▸ **RAW DATA**:
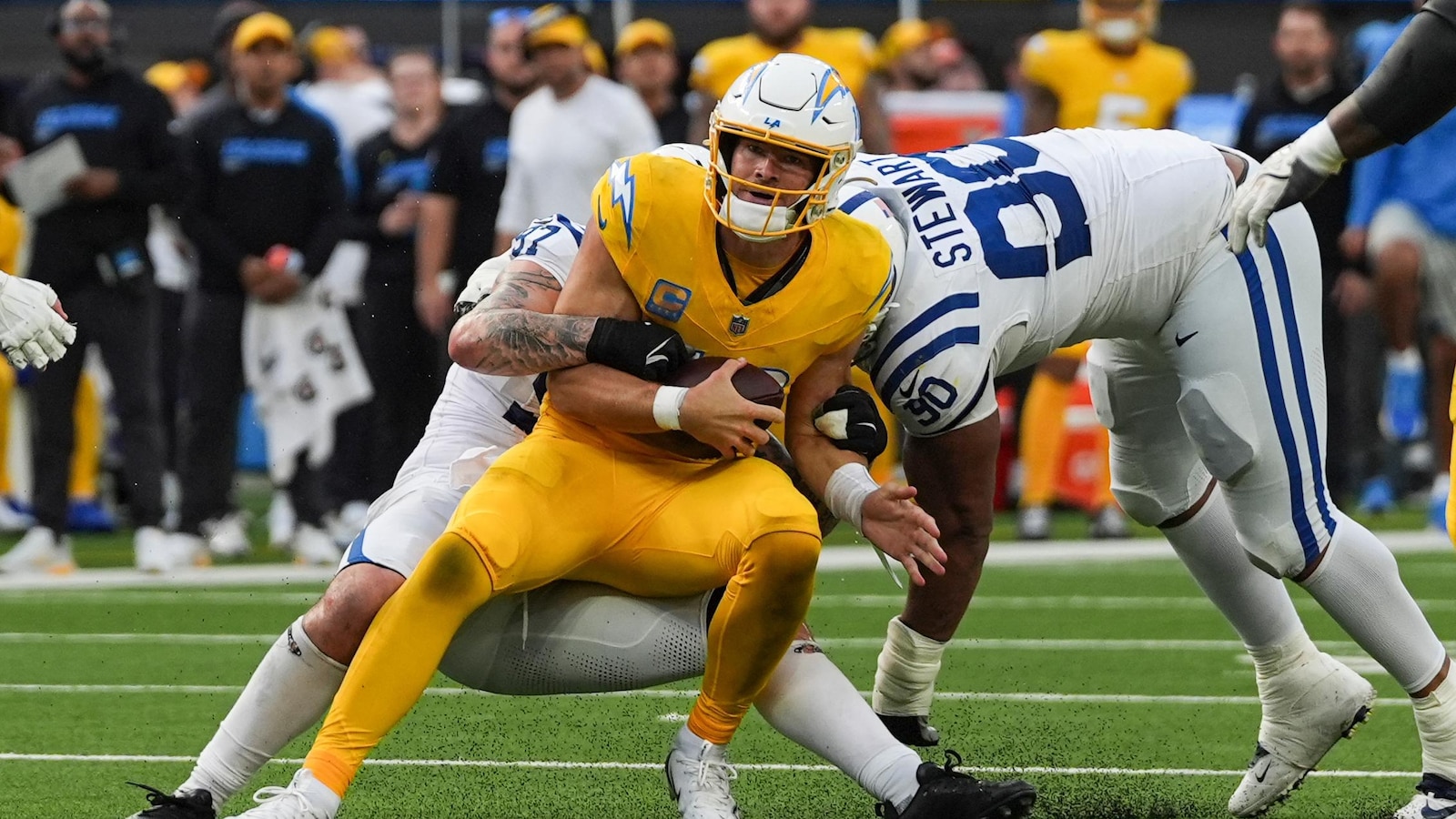 The defense was not completely to blame. Justin Herbert matched a season high with two interceptions, both in the second quarter. He was picked off after the Chargers got to the Colts’ 28-yard line midway through the period and again with just under two minutes to go in the first half after reaching the Indianapolis 8.
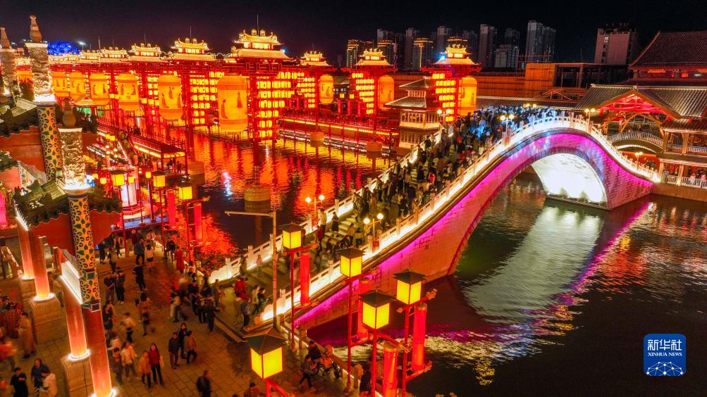 當日是國慶節(jié),河北省唐山市豐南區(qū)河頭老街景區(qū)燈光璀璨,流光溢彩,市民和游客紛紛前來賞景、游玩,歡度佳節(jié)。
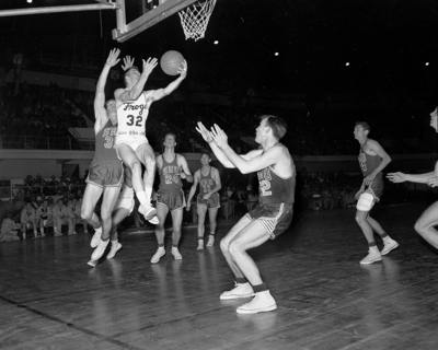 Texas Christian Univesity's Johnny Swaim leaps high for layup effort as Southern Methodist University's Jack Kastman (31) and Bob Clayton (24) come up too late to block attempt. Frogs won Southwest Conference game .

▸ **EXERCISE AIM**: Print all data above verbatim, except pictures.

▸ **ANSWER FOR THE TASK**:
 The defense was not completely to blame. Justin Herbert matched a season high with two interceptions, both in the second quarter. He was picked off after the Chargers got to the Colts’ 28-yard line midway through the period and again with just under two minutes to go in the first half after reaching the Indianapolis 8.
 當日是國慶節(jié),河北省唐山市豐南區(qū)河頭老街景區(qū)燈光璀璨,流光溢彩,市民和游客紛紛前來賞景、游玩,歡度佳節(jié)。
 Texas Christian Univesity's Johnny Swaim leaps high for layup effort as Southern Methodist University's Jack Kastman (31) and Bob Clayton (24) come up too late to block attempt. Frogs won Southwest Conference game .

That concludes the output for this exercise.